McEwan won a scholarship to attend Windsor County Girls' School – at the time a private school – where she felt completely out of place, and took elocution lessons. However, in later life she said she had loved English and the teaching of Miss Meech in particular. In an interview with Cassandra Jardine of The Daily Telegraph in 2004, she said of herself around this time: "I was very shy, very private", but after reading a poem (apparently Lady Macbeth's speech "Glamis thou art and Cawdor...") at a Brownie concert: "I realised it was going to be a way in which I could manage the world. I could protect myself by losing myself in other people."

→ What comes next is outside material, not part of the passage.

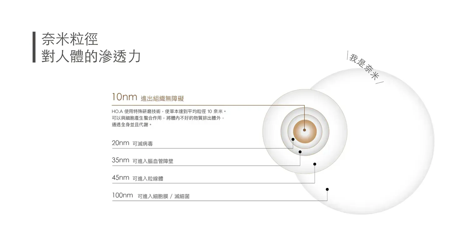 Initially, we wondered if, besides ensuring the ingredients were safe for sensitive skin, we could also enhance the penetration of active ingredients into the skin. This would allow sensitive skin to achieve a radiant, healthy glow while maintaining its stability. We discovered that scientific evidence shows that for skincare essences to penetrate the dermis and restore elasticity, effective and natural ingredients need to be processed at the nanoscale. Therefore, the entire HO.A product line utilizes an exclusive nanotechnology process, grinding natural herbal ingredients to an average particle size of 10 nanometers using a special grinding technique before extraction and addition. This complex and challenging process aims to achieve true "penetration into the skin's base," resulting in better anti-aging effects.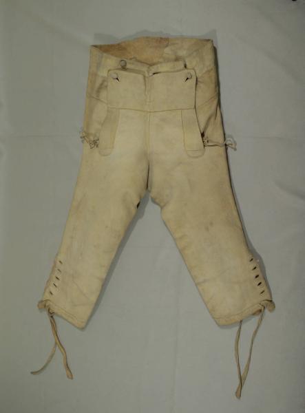 Calzoni in pelle scamosciata avorio. Alta cintura sagomata con due tasche con patta cucita, patta alla marinara, con apertura centrale anteriore verticale, chiusa da cinque bottoni, la patta è abbottonata mediante tre bottoni. La cintura prosegue sul dorso dove, accoglie due bottoni e un cinturino chiuso da un bottone; gherone al centro. Ogni calzone è fermato al ginocchio da cinque bottoni, con altrettanti occhelli, e da un cinturino con fettucce sempre in pelle.

As a teenager McEwan became interested in theatre, and her theatrical career began when she was 14, as assistant stage manager at the Theatre Royal, Windsor. She made her first appearance on the Windsor stage in October 1946 as an attendant of Hippolyta in A Midsummer Night's Dream and played many parts with the Windsor Repertory Company from March 1949 to March 1951, including a role in the Ruth Gordon biographical play Years Ago opposite guest player John Clark.

==Career==

===From 1951 to 1971===
McEwan made her first West End appearance at the Vaudeville Theatre on 4 April 1951 as Christina Deed in Who Goes There! The following year she appeared at the same theatre in Sweet Madness by Peter Jones. McEwan first appeared on television in a BBC series, Crime on Our Hands (1954), with Jack Watling, Dennis Price and Sonia Dresdel. In 1957, she took over from Joan Plowright in the Royal Court production of John Osborne's play The Entertainer during its West End run at the Palace Theatre.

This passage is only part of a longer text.